The unrest has seen 362,000 Haitians internally displaced — more than half of them children and some forced to move multiple times, the International Organization for Migration (IOM) said Saturday.

Also Read | Foreigners trapped in violence-torn Haiti wait desperately for a way out

“Haitians are unable to lead a decent life. They are living in fear, and every day, every hour this situation carries on, the trauma gets worse,” Philippe Branchat, IOM’s chief in Haiti, said in a statement.

“People living in the capital are locked in, they have nowhere to go,” he said. “The capital is surrounded by armed groups and danger. It is a city under siege.”

Police on Friday night repelled gang attacks, including on the presidential palace, and several “bandits” were killed, Lionel Lazarre of the Haitian police union said. No police were among the victims.

The violence left burned-out vehicles, still smouldering, outside the Interior Ministry and on nearby streets, an AFP correspondent said.

Gunshots rang out late Friday throughout Port-au-Prince and witnesses recounted clashes “between police officers and bandits” as gangs apparently tried to commandeer police stations in the city center.

Mr. Lazarre on Saturday pleaded for “means and equipment” to protect police buildings and other key facilities.

State of emergency

The well-armed gangs have attacked key infrastructure in recent days, including two prisons, allowing the majority of their 3,800 inmates to escape.

Along with some ordinary Haitians, the gangs are seeking the resignation of Prime Minister Henry, who was due to leave office in February but instead agreed to a power-sharing deal with the opposition until new elections are held.

The United States has asked Henry to enact urgent political reform to prevent further escalation. But he was in Kenya when the violence broke out and is now reportedly stranded in the U.S. territory of Puerto Rico.

After months of delays, the U.N. Security Council finally gave its green light in October for a multinational policing mission led by Kenya, but that deployment has been stalled by Kenyan courts.

Port-au-Prince and western Haiti have been placed under a month-long state of emergency and a nighttime curfew was in effect until Monday, though it was unlikely overstretched police could enforce it.

‘Running away’

In Port-au-Prince, Filienne Setoute told AFP how she had worked for the Ministry of Social Affairs and Labor for more than 20 years.

That job, she said, meant she “was able to build my own house. But now here I am, homeless.

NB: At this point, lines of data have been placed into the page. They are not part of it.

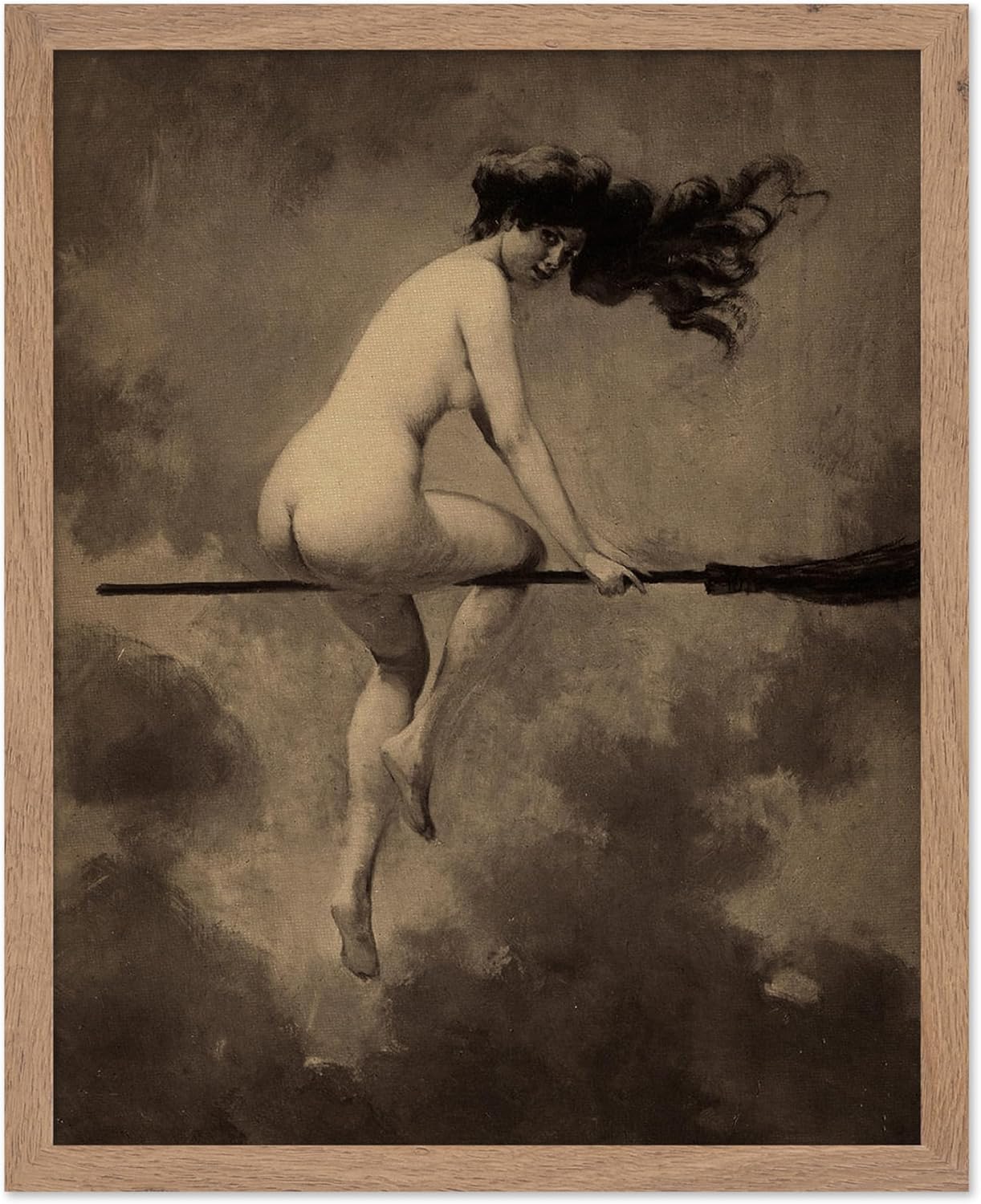Poster Master Vintage Albert Joseph Penot Poster - Retro Halloween Print - Gift for Artist, Friend - Departure for the Sabbath, Naked Witch on Broom - Wall Decor for Bedroom, 11x14 Beige Framed
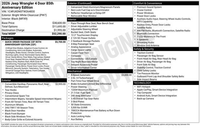 2026 Jeep Wrangler 85th Anniversary 4 Door 4x4
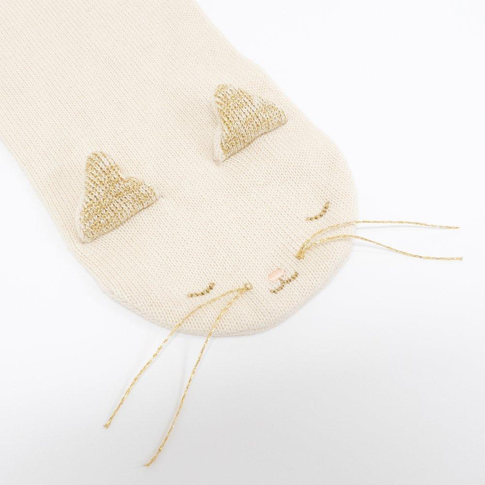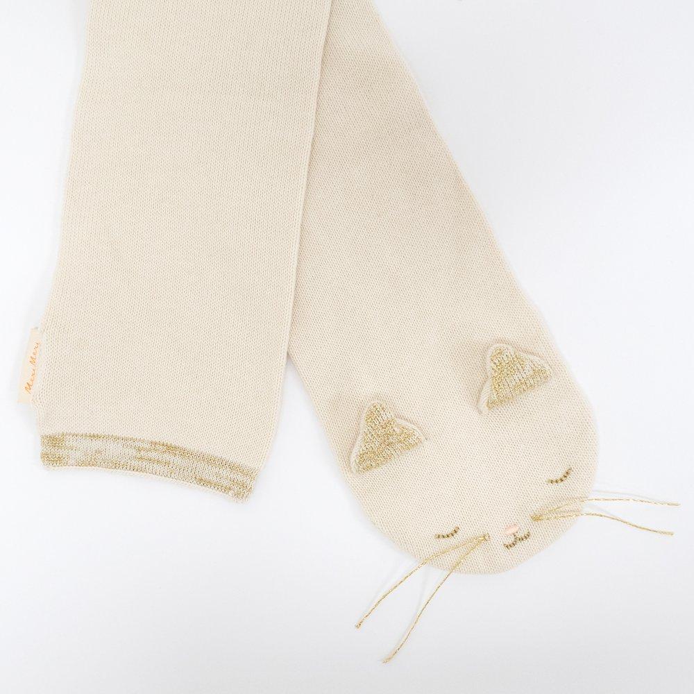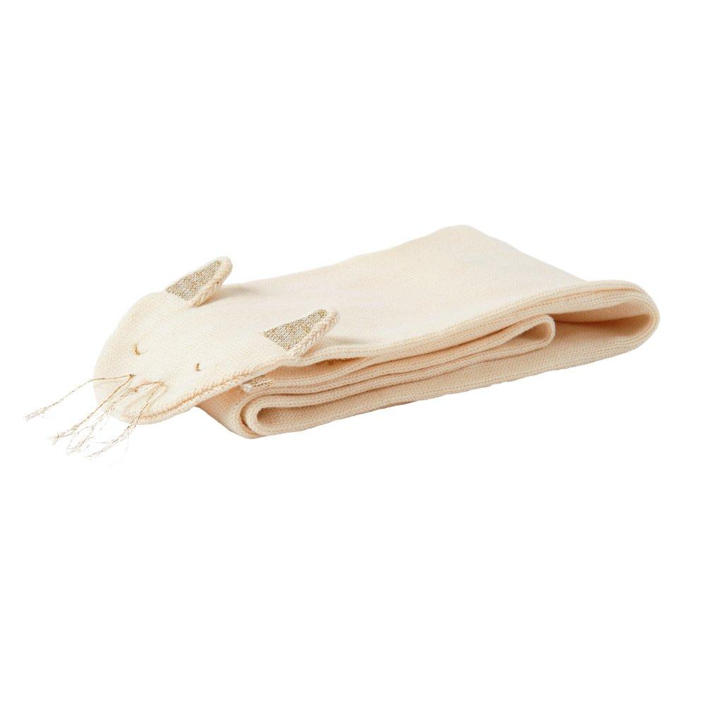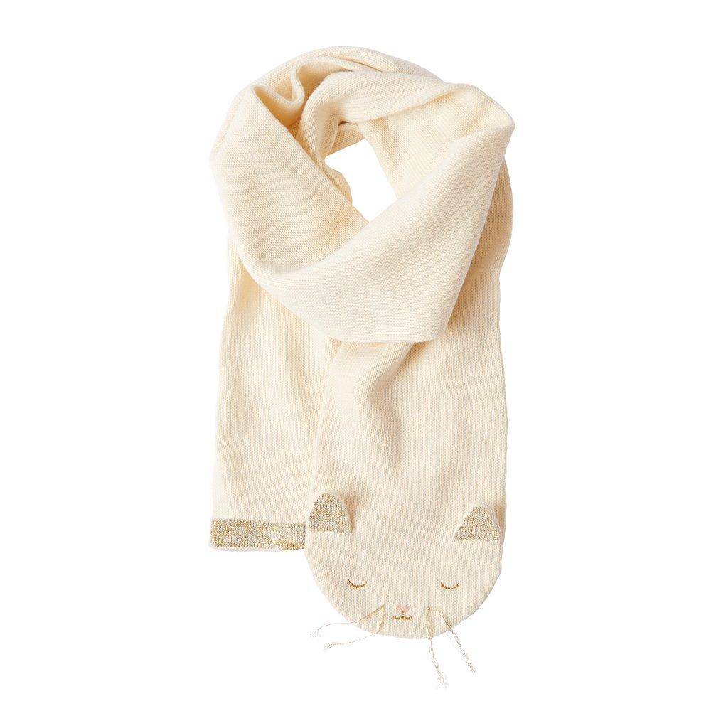 Meow, make wrapping up warm on chilly days extra fun with this adorable kitten scarf. Made from soft organic cotton with sweet ears, golden whiskers, and stitched features.
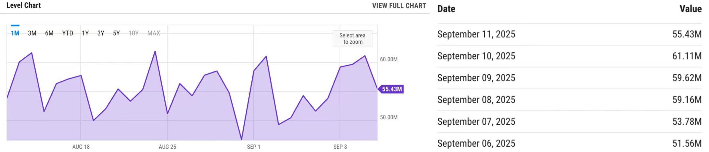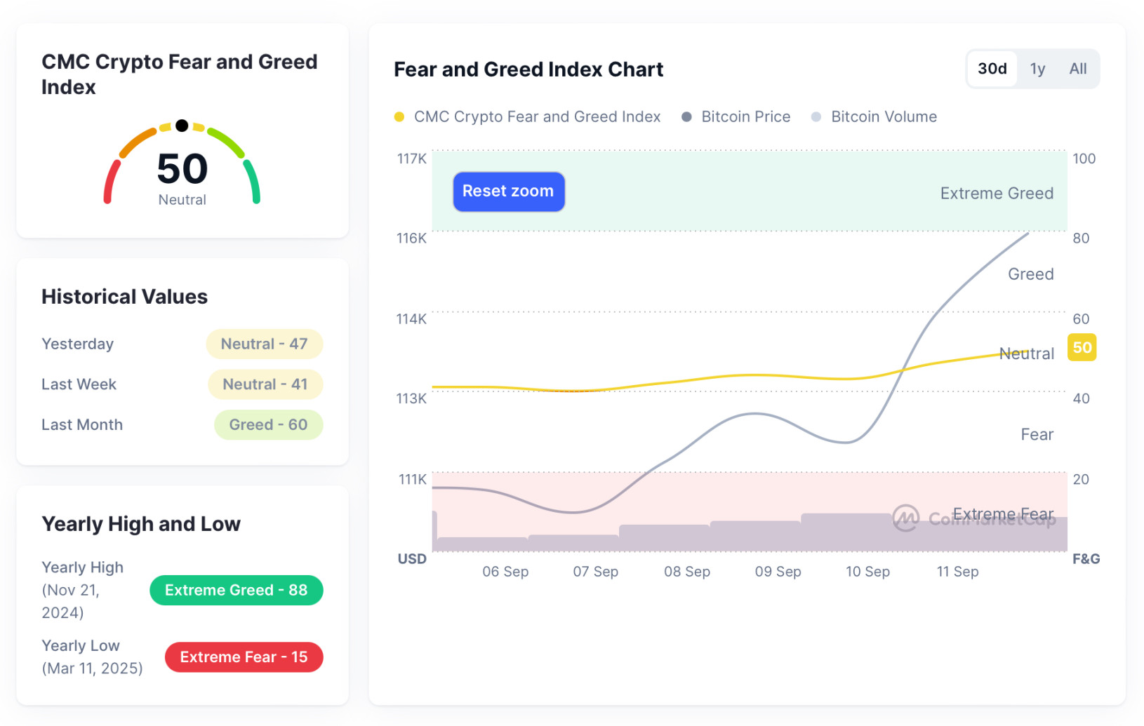 截至 9 月 12 日,恐惧与贪婪指数(Fear & Greed Index)报 50 点,位于“中性”(Neutral)区间,显示市场整体情绪相对平稳,投资者情绪既不偏向恐惧,也未明显贪婪。

I’m fleeing without knowing where to go, it’s an abuse.”

“We haven’t been able to sleep since last night,” she added. “We’re running away.”

Haiti’s airport remained closed while the main port — a key point for food imports — reported looting since suspending services on Thursday, despite efforts to set up a security perimeter.

“If we cannot access those containers (full of food), Haiti will go hungry soon,” the NGO Mercy Corps warned in a statement.

CARICOM, an alliance of Caribbean nations, has summoned envoys from the United States, France, Canada and the United Nations to a meeting Monday in Jamaica to discuss the violence.

Guyana’s President Irfaan Ali said the meeting would take up “critical issues for the stabilization of security and the provision of urgent humanitarian assistance.”

The violence is threatening the country’s most vulnerable, including pregnant women and survivors of sexual violence, as the health system collapses.

Branchat, of IOM, deplored gang attacks on hospitals and “dire” lack of mental health services.

“Some hospitals have been run over by gangs and had to evacuate staff and patients, including newborns,” he said.

“Medical professionals across the capital are sounding the alarm as their capacity to deliver even the most basic medical services is severely diminished.”